But one other factor that we have to consider is demand. At the current price, which is really good for buyers. Its still not a common/everyone can afford to get them kind of fish. On top of that, many people who are more or less serious about plecos and are willing/able to afford a decent group, have already got them. And now that many of these people already have a decent sex ratio and the zebs are breeding for them. Therefore the chances they will suddenly decide to expand their collection with more zebs is pretty slim. (aside from the occasional 1 or 2 for diversification).

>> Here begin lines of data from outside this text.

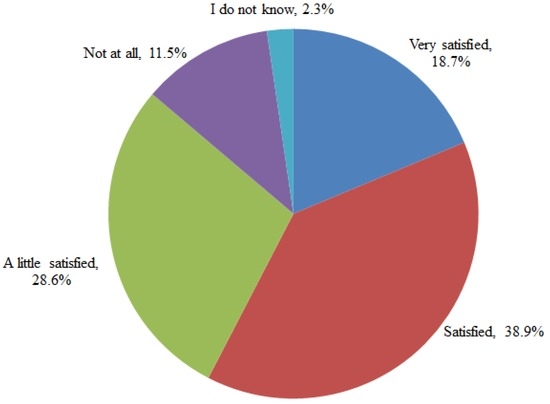 It appears that most of the respondents were satisfied with the government’s performance related to smog control: 18.7% were “very satisfied”, 38.9% were “satisfied” and 28.6% were “somewhat satisfied” (Figure 6). In contrast, only 11.5% of those surveyed chose the “not at all” satisfied option (88.5% of the respondents from this proportion had higher education levels, e.g., vocational school and college), indicating that they were unhappy with the government’s response on this issue.
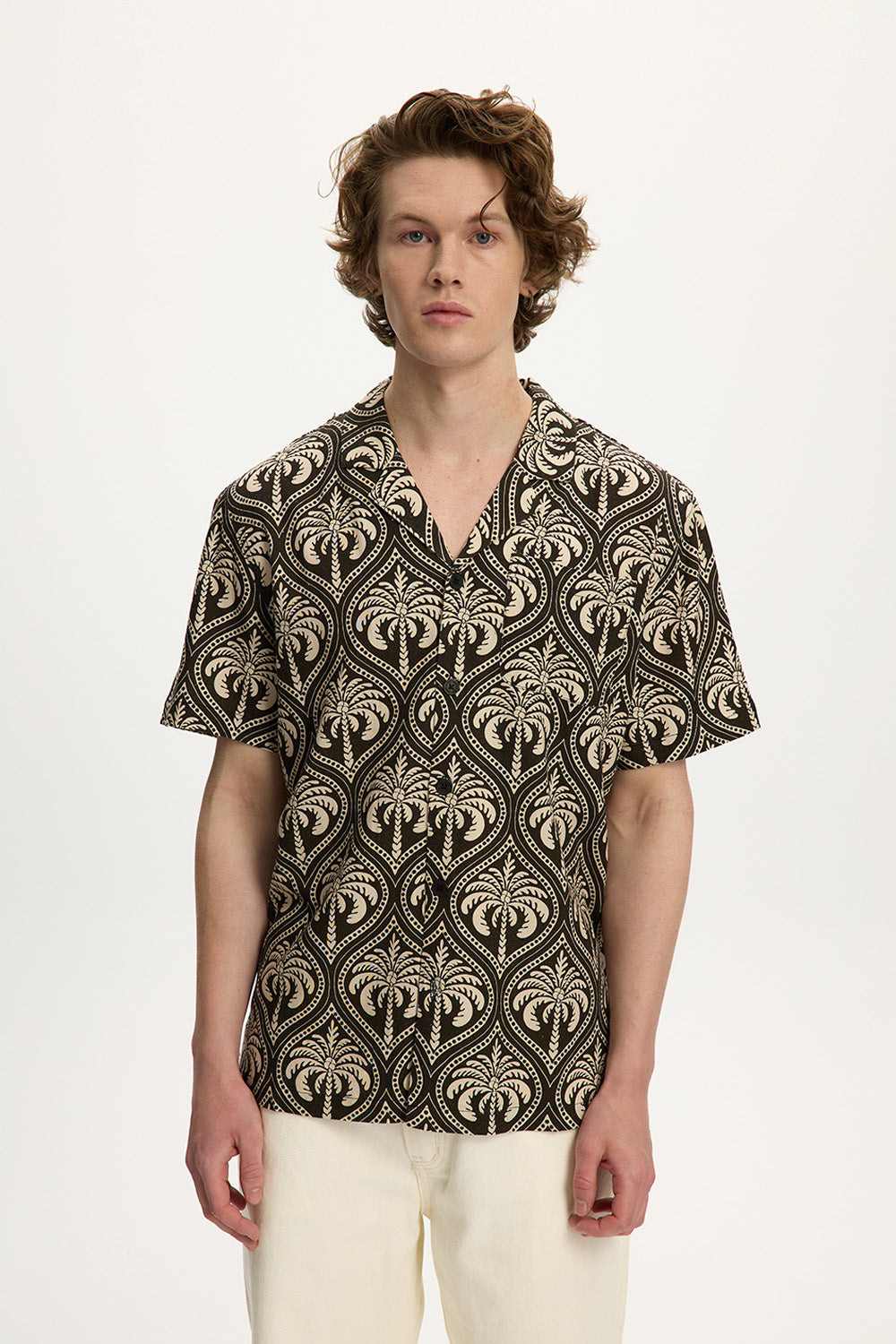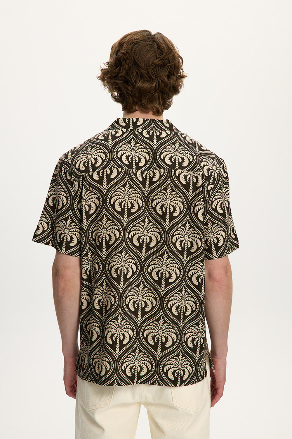 Get ready to hit the beach in style with our Beach Shirt in the trendy Damask Palm print. This versatile printed collared button-down shirt is a must-have for your summer wardrobe, effortlessly taking you from day to night. Made from lightweight material, it's perfect for those warm days and comes in various breezy patterns.
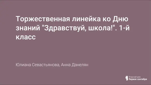 Торжественная линейка «Здравствуй, школа!» проводится для обучающихся 1-х классов и посвящена Дню Знаний, способствует созданию положительной эмоциональной атмосферы в начале учебного года, содействует творческому включению первоклассников в учебно-воспитательный процесс, воспитывает уважительное отношение и любовь к школе, учителям и сверстникам.
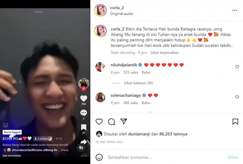 "Bikin dia (Reza) tertawa hati bunda bahagia rasannya...semoga Abang mu tenang di sisi Tuhan nya ya anak bunda," ujar Bunda Corla di bagian caption video Reza Hutabarat yang diunggah di Instagramnya pada Jumat, 2 Desember 2022.
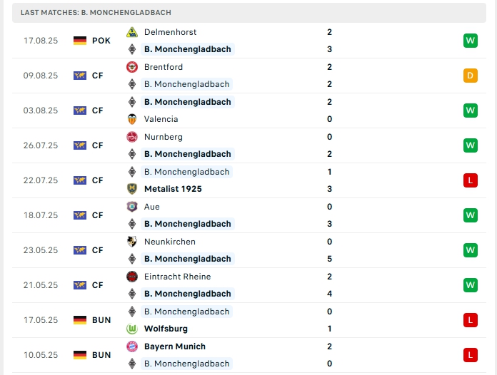 Monchengladbach có sự chuẩn bị kỹ lưỡng cho mùa giải mới, họ mang về 7 trận giao hữu, trong đó hàng công ghi dấu ấn với 19 bàn thắng cùng hàng thủ nhận 7 bàn thua, 5/7 trận đấu đó khép lại 90 phút từ 3 bàn thắng trở lên, ở trận đấu chính thức vừa qua Monchengladbach cùng mang về 3 bàn thắng trong chiến thắng 3-2 trước Delmenhorst ở đấu trường Cup. 3/5 trận sân nhà gần nhất của Monchengladbach cũng vượt mốc trên 3 bàn.
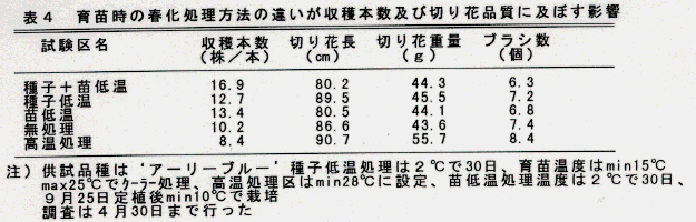 - 切り花品質についても出荷に十分なものである(表4)。
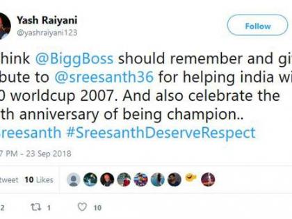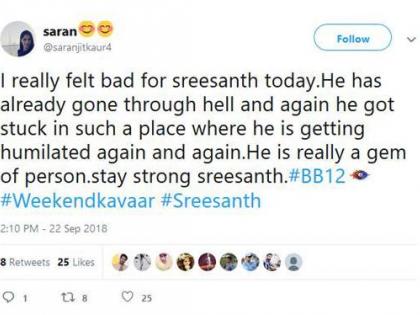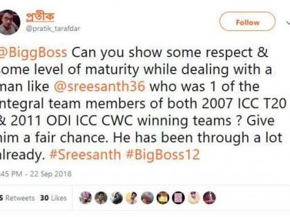 ज्याला कुणाला ही सलामी मिळते, त्याचा चेहरा काळा केला जातो. श्रीसंतसोबतही हेच झाले आणि त्याचे चाहते भडकले, चाहत्यांनी आपला हा संताप सोशल मीडियावर बोलून दाखवला. यानंतर अनेक चाहत्यांनी बिग बॉसला पक्षपाती ठरवले.
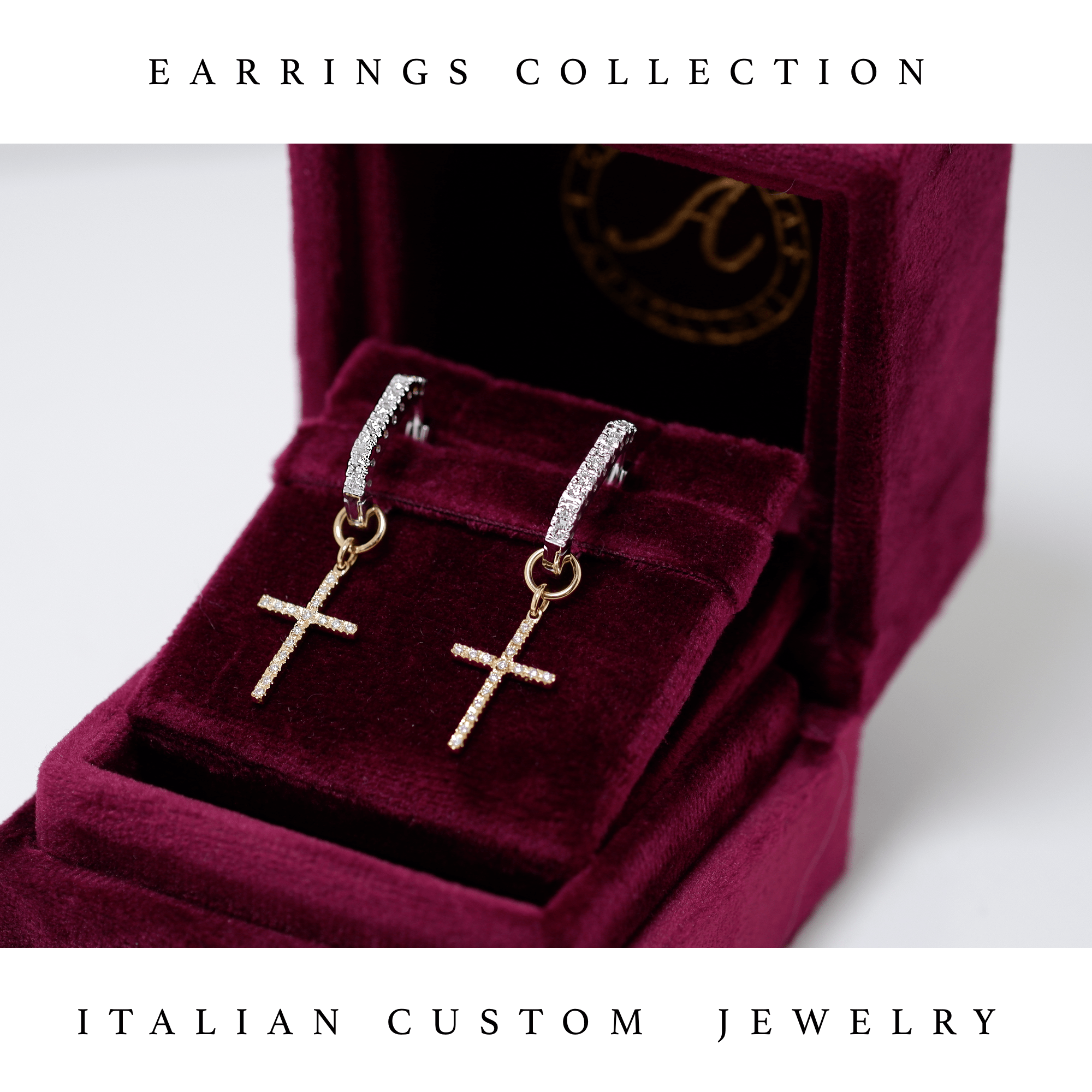 Una bellissima coppia di orecchini completamente in oro bianco e diamanti naturali, realizzati in italia dalla Gioielleria Appolloni Roma. Il gioiello è adatto a uomo e donna con la possibilità di personalizzare il prodotto previa richiesta. La croce si può rimuovere facilmente con la possibilità così di variare l’aspetto degli orecchini. .

Anywho, with all that said, I think we are saturating the market a little here. So we might be in the middle of a cycle of price fluctuation. The price came down recently due to so many people selling them, and then people decide to hold off on selling and the price goes up and bit and so one and so forth.


----------



## andco (Aug 15, 2011)

Doug was selling them the other week for $75


----------



## RCode (Dec 12, 2010)

andco said:


> Doug was selling them the other week for $75


There is also a 6 month waiting list. Well worth it...


----------



## ScarletFire (Nov 4, 2012)

I was just at the Big Al's in Mississauga, and they were sold at $99.99 I believe.


----------



## Pius (Aug 5, 2011)

ScarletFire said:


> I was just at the Big Al's in Mississauga, and they were sold at $99.99 I believe.


How big were they?


----------



## ScarletFire (Nov 4, 2012)

Pius said:


> How big were they?


I just called them. It's sold out. Sorry.


----------



## CanadaPleco (Sep 7, 2009)

Everybody is dreaming if they think zebra prices will ever be lower then 100. let alone $150 for the size of the zebras that BA was just selling.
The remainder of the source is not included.